View cameras use large format sheet film—one sheet per photograph. Standard sizes in inches are: 4×5, 5×7, 4×10, 5×12, 8×10, 11×14, 7×17, 8×20, 12×20, 20×24, and larger for process cameras. (It is usual to list the short side first in the Americas, and the long side in many other countries, thus 4×5 is the same as 5×4). A similar, but not identical, range of metric sizes is used in many countries; thus 9×12 cm is similar to, but not interchangeable with, 4×5 inches and 13×18 cm is similar to, but not interchangeable with, 5×7 inches. The most widely used format is 4×5, followed by 8×10.

A few rollfilm cameras have movements that make them as versatile as a sheet film view camera. Rollfilm and instant film backs are available to use in place of a sheetfilm holder on a single-film camera.


Photographers use view cameras to control focus and convergence of parallel lines. Image control is done by moving the front and/or rear standards. Movements are the ways the front and rear standards can move to alter perspective and focus. The term can also refer to the mechanisms on the standards that control their position.

Not all cameras have all movements available to both front and rear standards, and some cameras have more movements available than others. Some cameras have mechanisms that facilitate intricate movement combinations.

Some limited view camera–type movements are possible with SLR cameras using various tilt/shift lenses. Also, as use of view cameras declines in favor of digital photography, these movements are simulated using computer software.[6][7]

Rise and fall[edit]

Rise and fall are the movements of either the front or rear standard vertically along a line in a plane parallel to the film (or sensor) plane. Rise is a very important movement especially in architectural photography. Generally, the lens is moved vertically—either up or down—along the lens plane to change the portion of the image captured on the film. In the 35 mm format, special shift lenses (sometimes called perspective control lenses) emulate the rise or fall of view cameras.

The main effect of rise is to eliminate converging parallels when photographing tall buildings. If a camera without movements is pointed at a tall building, the top is off. If the camera is tilted upwards to get it all in, the film plane is not parallel to the building, and the building seems narrower at the top than the bottom: lines that are parallel in the object converge in the image.

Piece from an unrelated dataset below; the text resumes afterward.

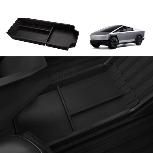 Motrobe Bandeja organizadora de console central inferior Tesla Cybertruck 2024 2025, feita de material TPE durável para um ajuste preciso e integração perfeita com o interior do seu Cybertruck. Com três compartimentos de tamanhos variados, maximiza a eficiência de armazenamento, mantendo os itens essenciais acessíveis e organizados. - Ajuste preciso: sob medida usando os esquemas autênticos do Cybertruck 2024 2025 da Tesla, esta bandeja organizadora de console central Cybertruck integra-se perfeitamente como equipamento Autêntico. Preserve o design icônico de listras verticais enquanto adiciona armazenamento funcional — sem porta-copos volumosos bloqueando o acesso ao console. - Armazenamento maximizado: a bandeja de console central inferior da Cybertruck possui três compartimentos cuidadosamente trabalhados de diferentes tamanhos, oferecendo muito espaço para organizar vários itens perfeitamente. Este design maximiza a capacidade de armazenamento, elimina a bagunça e mantém seu veículo organizado e organizado, garantindo fácil acesso a alimentos, copos, guarda-chuvas, óculos de sol, ferramentas e outros itens essenciais. - Cabine sem ruído: a base TPE testada em laboratório reduz o ruído do item em 80% em comparação com as bandejas ABS. O design patenteado do sulco prende os itens no lugar. Melhora a estética enquanto reduz o ruído e o movimento, oferece armazenamento seguro para itens essenciais, proporcionando um passeio mais suave. - Construído para durar: Feito de material TPE durável, é robusto, resistente ao desgaste, inodoro e fácil de limpar. Evita que itens essenciais do dia a dia se movam e garante uma experiência de condução mais silenciosa. Esta caixa de armazenamento Tesla Cybertruck também protege seus itens contra arranhões ou danos. - Fácil instalação e limpeza: aproveite a configuração sem complicações simplesmente inserindo a bandeja na ranhura para uso imediato, sem necessidade de ferramentas. A superfície à prova de derramamento limpa instantaneamente — sem desmontar os porta-copos Garante manutenção sem esforço para um interior de veículo sempre limpo e fresco.
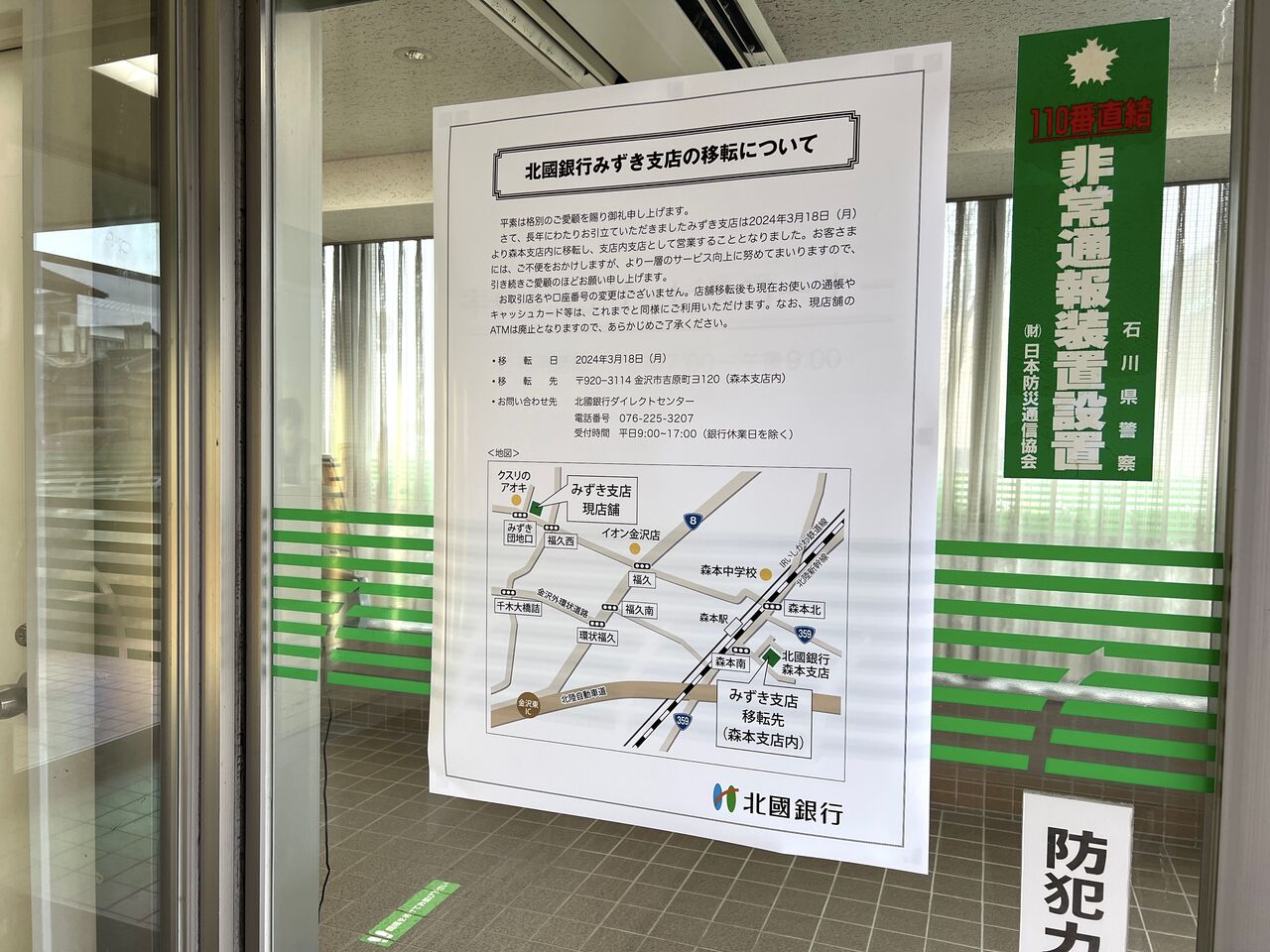 移転先:北國銀行 森本支店

To avoid this apparent distortion, a wide-angle lens gets more of the building in, but includes more of the foreground and alters the perspective. A camera with rising front lets a normal lens be raised to include the top of the building without tilting the camera.

This requires that the image circle of the lens be larger than is required to cover the film without use of movements. If the lens can produce a circular image just large enough to cover the film, it can't cover the bottom of the film as it rises. Consequently, lens coverage must be larger to accommodate rise (and fall, tilt and shift).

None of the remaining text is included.